There were 83 applicants for Nobriga’s seat. Yeaman was one of three finalists selected by the state probate court-appointed Trustee Screening Committee.
The other two finalists were startup entrepreneur Olin Lagon and hotelier Keith Vieira.
Nobriga was first appointed in 2013 to the board and reappointed in 2017. His second term was extended to comply with a requirement for staggered trustee terms — which began in 2001 following governance reforms instituted in 2000 — mandating terms be arranged so those of only two members can end the same year.
His serving until 2025 — a total of 12 years — prevented a conflict with the end of other trustee terms.

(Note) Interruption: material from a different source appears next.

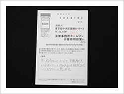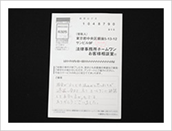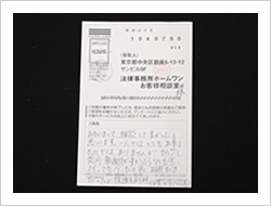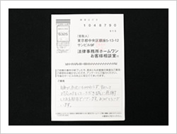 電話するまでが、思い悩みました。弁護士さんの説明で不安がなくなり、今では電話したことを良かったと思います。ホームワンさんのお陰で今まで借りていた借金が返すことが出来、肩の荷がおり何とお礼を言ったらいいのか、感謝しております。ありがとうございました。

Kamehameha Schools trustees oversee assets worth about $15.2 billion and govern the school in accordance with instructions laid out by the will of Kamehameha I’s great-granddaughter Bishop, who died Oct. 16, 1884, with an estate comprised of some 375,500 acres of land throughout the islands.
Bishop thought education could offer Hawaiian people hope and a future. Thus, she established Kamehameha Schools — which began instruction in 1887 — in her will and endowed the institution with her estate.
Yeaman has called the Kamehameha Schools admission policy “the holy grail” and vowed to protect it and Bishop’s intent.
“Protecting the preference policy is a fundamental responsibility of the trustees and we have to defend it at all costs,” he was quoted by Hawai‘i Public Radio.

The board of trustees is composed of five people, each equally vested with the responsibility and duty of collectively setting school policy to carry out Bishop’s will.
Current board leadership includes Crystal Kauilani Rose as chairperson, Jennifer Noelani Goodyear-Ka‘ōpua as vice chairperson and Michelle Ka‘uhane as secretary/treasurer.
Elliot Kawaiho‘olana Mills rounds out the four sitting board members.
The board welcomes Yeaman to its ranks.
News reporter Nathan Christophel contributed to this story.